Housing has not literally disappeared. In high-demand communities, housing can still be bought or rented by households with enough income or wealth. The more precise problem is that, in many jurisdictions, housing prices and rents have risen faster than residents, buyers, employers, and local governments would have expected only a few years ago. Housing therefore requires a larger share of income or wealth than many households reasonably planned for.

That is a supply-constrained price problem.

In many places, state and local governments have restricted the ability of housing supply to respond to demand. Zoning rules, permitting delays, parking mandates, density limits, environmental-review processes, and neighborhood veto points prevent markets from adjusting normally.
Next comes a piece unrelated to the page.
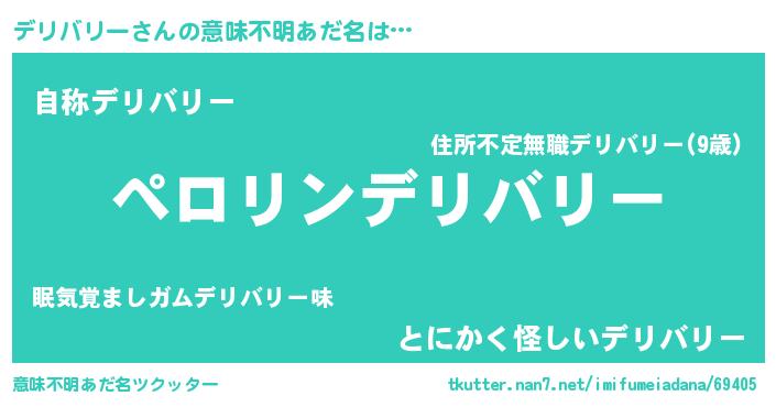 | 男性向けラノベタイトル風あだ名 | 『デリバリーの憂鬱』 |

When quantity cannot adjust, prices do more of the work.

A democratic-socialist interpretation may begin with the idea that housing is too expensive because capitalism treats homes as commodities and allows profit-seeking actors to exploit need. A market-oriented institutional interpretation asks a different question: what is preventing supply from responding?

The answer is often government.

That does not mean no government should act. It means government should act on the actual distortion. If government rules are preventing homes from being built, the solution is to reform those rules. Demand subsidies or symbolic attacks on disfavored buyers may be politically satisfying, but they do not solve the underlying problem.

This is the Smith-Hayek-Friedman lesson in practice. Let prices convey information. Let markets respond. Do not let incumbent interests use government to prevent competition. Intervene where there is a real market failure or distributional objective, but do not mistake every disliked price signal for proof that markets have failed.

The CIVPAC Standard

The lesson of The Wealth of Nations is not that business should always win. It is not that government should never act. It is not that inequality is irrelevant or that markets are morally self-justifying.

The lesson is that prosperity and liberty require institutions that channel self-interest toward useful production, competition, innovation, and exchange. Those institutions include markets, but also courts, property rights, contract enforcement, stable money, public goods, antitrust where appropriate, and rules against fraud, coercion, and favoritism.

CIVPAC’s standard is therefore straightforward:

Before government intervenes in a market, identify the problem.

Is it a market failure? A public good? An externality? Monopoly power? Asymmetric information? A distributional objective? A government-created distortion? Does the proposed remedy address the actual problem? What incentives and unintended consequences will it create?

That is not a left-wing or right-wing checklist. It is a discipline.

Smith’s anniversary is worth celebrating because he helped teach the modern world that free exchange, specialization, and competition can produce enormous public benefit without central direction. It is also worth celebrating because Smith was wise enough not to confuse markets with merchants, capitalism with monopoly, or self-interest with virtue.

The country could use more of that wisdom.

At a time when both parties are tempted by populist villain-hunting, economic nationalism, industrial favoritism, and distrust of institutions, Adam Smith remains a useful corrective. He reminds us that markets are powerful not because business is noble, but because competition disciplines self-interest. He reminds us that government is necessary, but also easily captured. He reminds us that ordinary people know things planners do not. He reminds us that liberty depends not only on elections, but on the ability of people to make choices in their economic lives.

The 250th anniversary of the Declaration of Independence will rightly celebrate political liberty. The 250th anniversary of The Wealth of Nations should remind us that economic liberty is part of the same inheritance.

Both require institutions. Both require discipline. And both require skepticism toward concentrated power, whether it comes from government, business, or movements convinced that they alone know how society should be ordered.